Materials provided section start

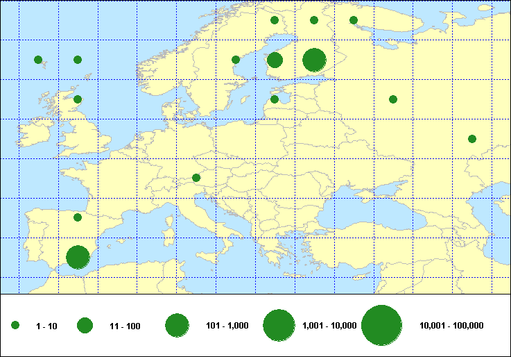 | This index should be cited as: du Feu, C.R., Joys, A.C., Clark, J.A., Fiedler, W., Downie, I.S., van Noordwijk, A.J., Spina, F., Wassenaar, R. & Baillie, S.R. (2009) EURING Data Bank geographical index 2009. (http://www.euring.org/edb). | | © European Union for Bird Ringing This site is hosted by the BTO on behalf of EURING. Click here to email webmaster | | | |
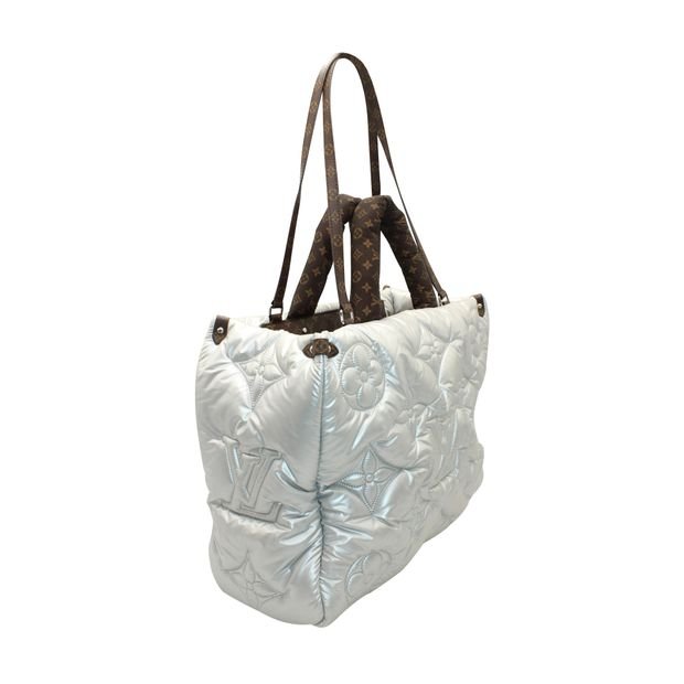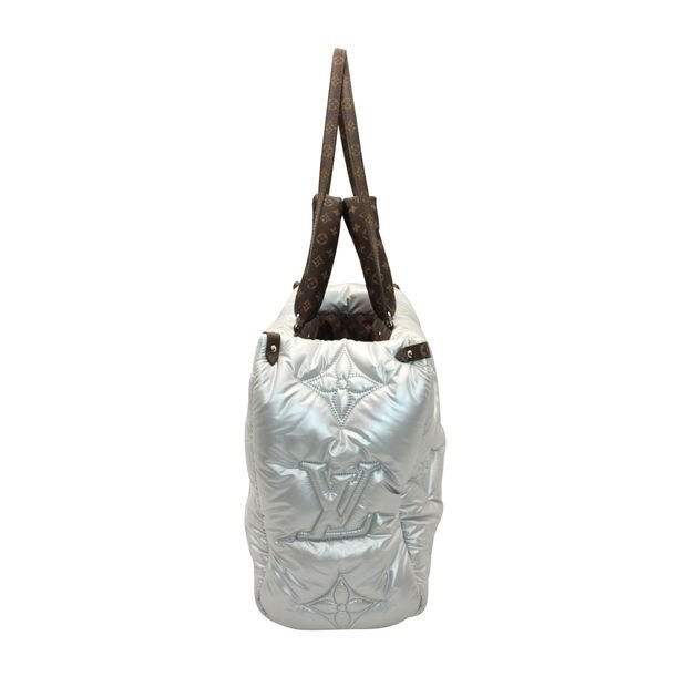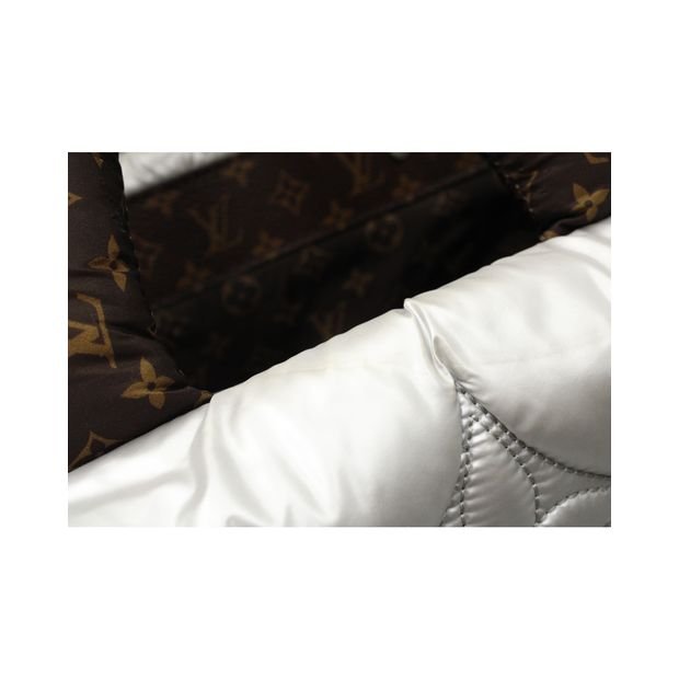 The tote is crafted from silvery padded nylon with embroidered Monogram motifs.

Materials provided section end
Materials provided section start

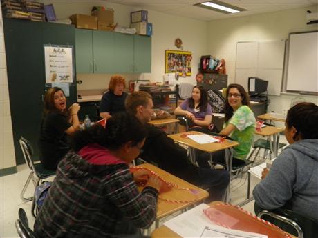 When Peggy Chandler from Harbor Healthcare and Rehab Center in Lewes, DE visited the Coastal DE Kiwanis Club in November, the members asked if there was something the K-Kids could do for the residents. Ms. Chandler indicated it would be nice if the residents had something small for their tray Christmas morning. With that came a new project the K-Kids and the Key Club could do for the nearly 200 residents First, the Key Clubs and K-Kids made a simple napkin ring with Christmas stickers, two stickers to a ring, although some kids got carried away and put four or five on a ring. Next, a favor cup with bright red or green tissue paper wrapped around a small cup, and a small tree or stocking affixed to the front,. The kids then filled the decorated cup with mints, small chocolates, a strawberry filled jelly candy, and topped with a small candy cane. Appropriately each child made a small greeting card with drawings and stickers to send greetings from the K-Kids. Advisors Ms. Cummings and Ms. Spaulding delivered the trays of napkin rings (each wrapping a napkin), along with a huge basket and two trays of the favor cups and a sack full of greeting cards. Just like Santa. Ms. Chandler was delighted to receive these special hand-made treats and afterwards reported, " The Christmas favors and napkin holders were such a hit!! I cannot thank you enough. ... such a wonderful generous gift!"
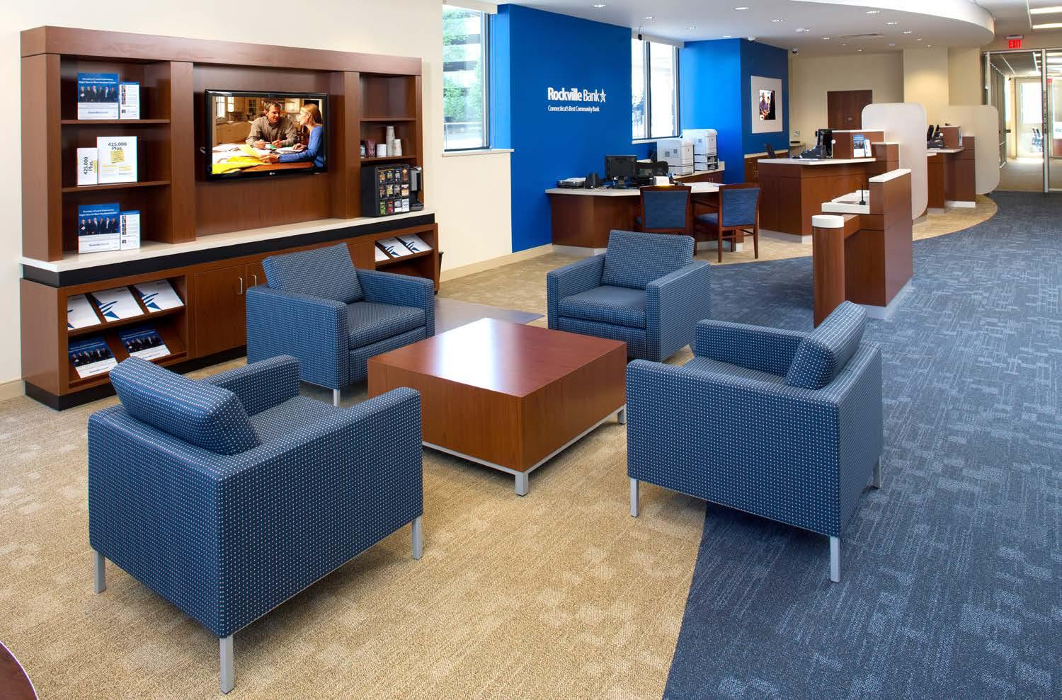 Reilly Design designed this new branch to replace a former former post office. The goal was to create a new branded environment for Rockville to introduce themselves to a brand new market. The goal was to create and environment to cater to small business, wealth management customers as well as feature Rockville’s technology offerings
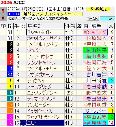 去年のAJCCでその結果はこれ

Materials provided section end

Nothing except the lines from the one containing "webmaster | | | |" through the one containing "The tote is" should appear in the answer, exactly as above and without pictures.

 | This index should be cited as: du Feu, C.R., Joys, A.C., Clark, J.A., Fiedler, W., Downie, I.S., van Noordwijk, A.J., Spina, F., Wassenaar, R. & Baillie, S.R. (2009) EURING Data Bank geographical index 2009. (http://www.euring.org/edb). | | © European Union for Bird Ringing This site is hosted by the BTO on behalf of EURING. Click here to email webmaster | | | |
 The tote is crafted from silvery padded nylon with embroidered Monogram motifs.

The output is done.